### EXERCISE DETAILS
Go line by line through the entries and show those that hold the string "nicht".
── RECORDED DATA ──
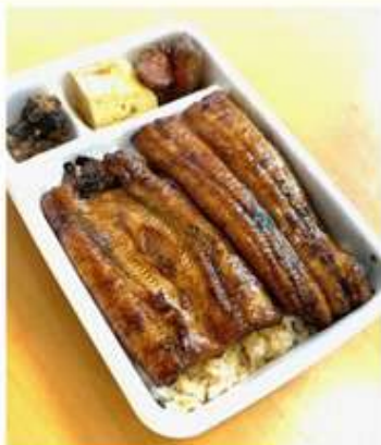
うな丼(上) 3,000 円
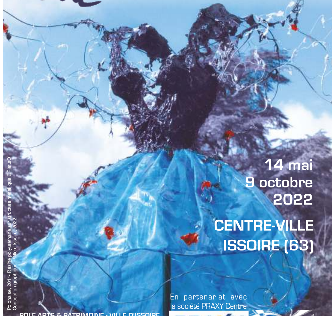
Polonaise, 2011 - Résine polyuréthane sur structure métallique ©Piet.sO Conception graphique : Ville d'Issoire, 2022.
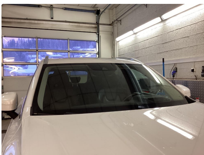
1.4 Noen små steinsprut
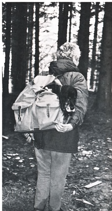
Ältere Herren sollten sich nicht überanstrengen

Zum 10. Mal waren wir diesmal zu Gast bei Fam. Dr. Kugler in deren schönem Domizil am Attersee. Bei schönem Wetter fanden sich wieder sehr viele Hundefreunde ein, um gemeinsam einen netten Tag zu verbringen. Hiermit möchte ich mich nochmals bei den Hausherren bestens bedanken für ihre außergewöhnliche Bereitschaft, nun schon 10 Jahre lang so vielen Leuten ihr Haus mit Garten und allem Drum und Dran zur Verfügung zu stellen. Es verursacht nicht nur Kosten, sondern macht auch immer viel Arbeit. "Danke schön!"
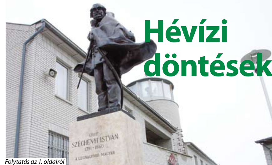
Folytatás az 1. oldalról
───
### ANSWER SPACE
Ältere Herren sollten sich nicht überanstrengen
Zum 10. Mal waren wir diesmal zu Gast bei Fam. Dr. Kugler in deren schönem Domizil am Attersee. Bei schönem Wetter fanden sich wieder sehr viele Hundefreunde ein, um gemeinsam einen netten Tag zu verbringen. Hiermit möchte ich mich nochmals bei den Hausherren bestens bedanken für ihre außergewöhnliche Bereitschaft, nun schon 10 Jahre lang so vielen Leuten ihr Haus mit Garten und allem Drum und Dran zur Verfügung zu stellen. Es verursacht nicht nur Kosten, sondern macht auch immer viel Arbeit. "Danke schön!"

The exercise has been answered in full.